I questioned myself.

Devil's Advocate

"You can't do this your whole life?"

Yes, I can! there are many avenues to sex work I'm willig to explore.

"You have no morals."

Yes, I do. I still have a choice who I see.

"It's dangerous. You could possibly get hurt."

There should be security measures in any people related business.

 

     Once debunking my own enigma, I clothes myself in new garments. Not of the body. but of the connotation that what I once used to my advantage no longer held weight of circumstance. Without facing myself I would begin the process of denial in which forcing myself to continue the assumption that self respect came from prudent behavior or how I treated my heart for outside acceptance. To become self conscious so I won't be labelled permanently as one of them with the scarlet letter - taking into consideration that to be one of them doesn't always require one to be a sex worker or sexually active. Existence was enough.

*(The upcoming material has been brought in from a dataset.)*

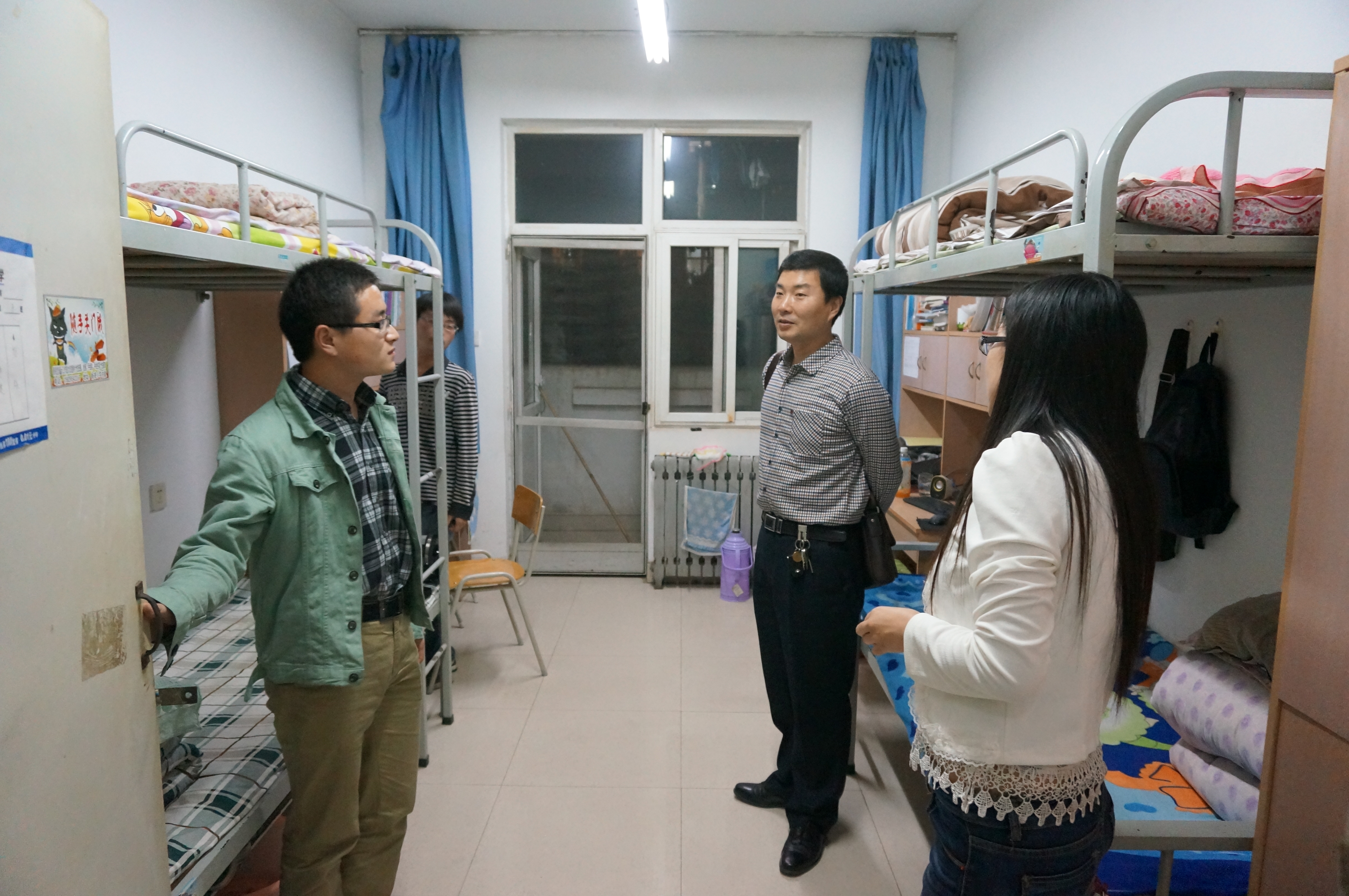 2013年5月2日晚,我院为落实“文明宿舍创建活动”,学院党委副书记何卫军、学工秘书王淑珍、团工委书记桂恺、辅导员倪玲、仵亚伟、郭峰、学院学生会主席团以及生活部主要学生干部共同走访检查了学院西区10#的学生宿舍。

     Instead of blaming my environment, I dissected my own perception of self. It's not about the world cheering in my pleasure but to whisper my name in the darkest hour without surrendering to my own inner fear. The fear of self. The fear of losing control of my sanity & the brink of a new beginning. From that moment I recognized how I was in control of my life and to utilize whichever tools I received along the way.

 

How to Continue to Love Myself

  • Doing things I enjoy

Relaxing meditative activities are best suited to regenerate my energy.

  • Eliminating harmful pep talks

Water goes further than fire.

  • Conservation

Not every statement is meant for a response nor will I wrestle what works best for someone else.